◆ Work instructions ◆
The records below need to be repeated exactly, though not their pictures.

◆ Dataset records ◆
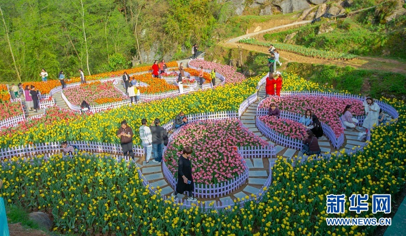 圖為在湖北來鳳縣檀木灣村萬余株郁金香競相綻放,吸引游客前來踏春賞花,“花海經(jīng)濟”助力村民增收致富。
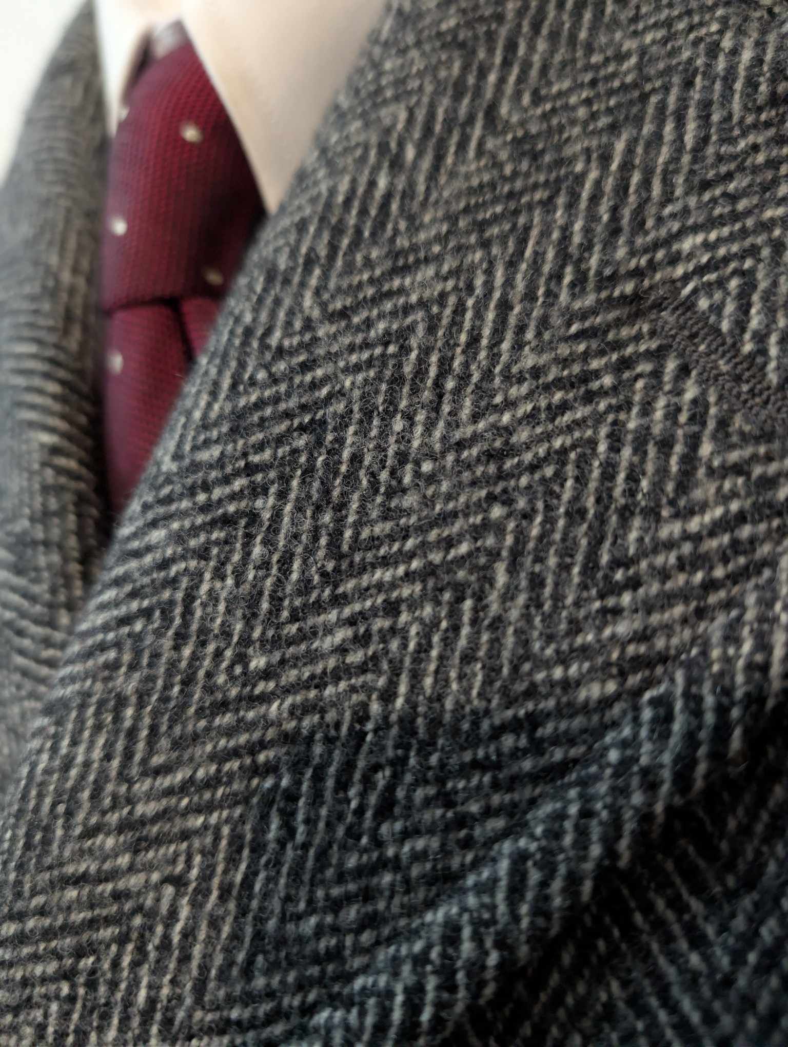Je vous propose ce redoutable manteau de couleur gris à motif chevron en laine de chez vitale barberis canonico.
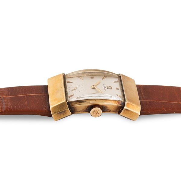 Fine, rectangular shaped, 14K yellow gold wristwatch Made in 1944
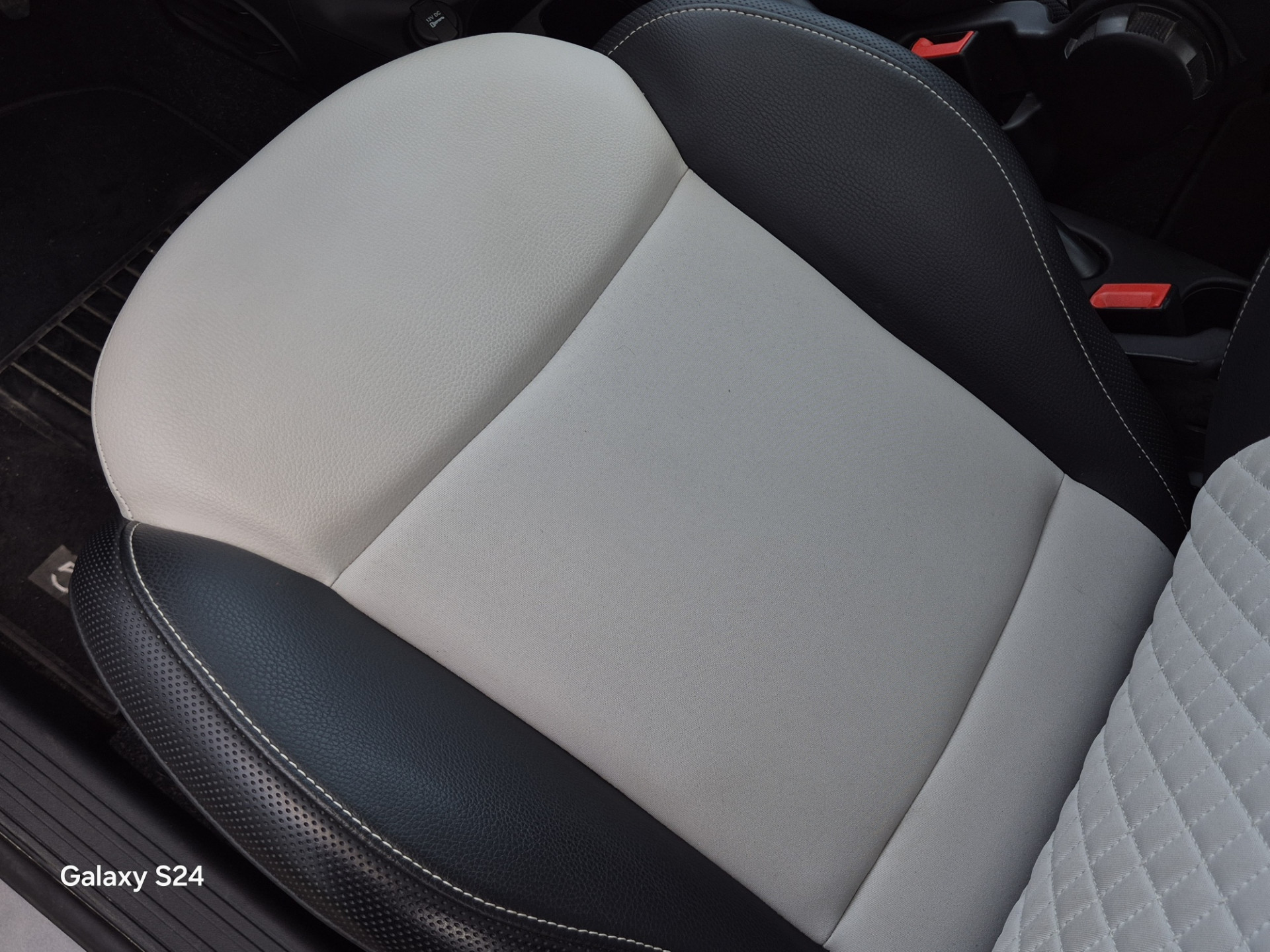 . Zwart-wit stof/lederen bekleding (lekker stijlvol!)
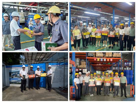 酷暑夏日持續(xù)高溫,廣州進(jìn)入“燒烤”模式。為切實(shí)做好高溫天氣下廣大職工的勞動(dòng)保護(hù)和防暑降溫工作,紡織公司領(lǐng)導(dǎo)班子帶隊(duì)深入企業(yè)、重點(diǎn)項(xiàng)目工地、廠房、倉(cāng)庫(kù)看望慰問辛勤工作的一線職工,為他們送上防暑降溫品。在這個(gè)考驗(yàn)意志與耐力的季節(jié)里,紡織公司工會(huì)持續(xù)開展“夏送清涼”活動(dòng),讓職工們感受到組織的關(guān)心與關(guān)愛。
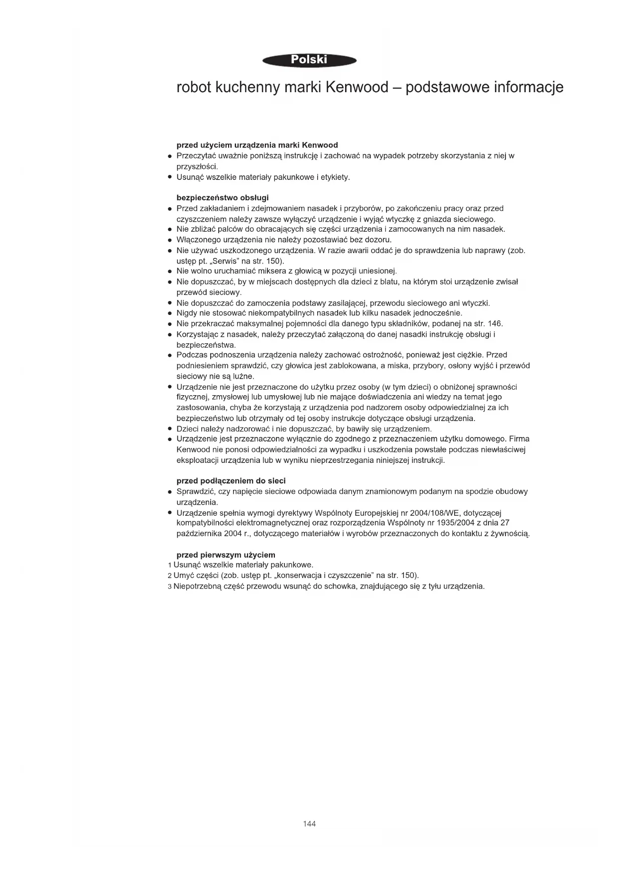 142143przed użyciem urządzenia marki Kenwood

◆ Answer to this problem ◆
 圖為在湖北來鳳縣檀木灣村萬余株郁金香競相綻放,吸引游客前來踏春賞花,“花海經(jīng)濟”助力村民增收致富。
Je vous propose ce redoutable manteau de couleur gris à motif chevron en laine de chez vitale barberis canonico.
 Fine, rectangular shaped, 14K yellow gold wristwatch Made in 1944
 . Zwart-wit stof/lederen bekleding (lekker stijlvol!)
 酷暑夏日持續(xù)高溫,廣州進(jìn)入“燒烤”模式。為切實(shí)做好高溫天氣下廣大職工的勞動(dòng)保護(hù)和防暑降溫工作,紡織公司領(lǐng)導(dǎo)班子帶隊(duì)深入企業(yè)、重點(diǎn)項(xiàng)目工地、廠房、倉(cāng)庫(kù)看望慰問辛勤工作的一線職工,為他們送上防暑降溫品。在這個(gè)考驗(yàn)意志與耐力的季節(jié)里,紡織公司工會(huì)持續(xù)開展“夏送清涼”活動(dòng),讓職工們感受到組織的關(guān)心與關(guān)愛。
 142143przed użyciem urządzenia marki Kenwood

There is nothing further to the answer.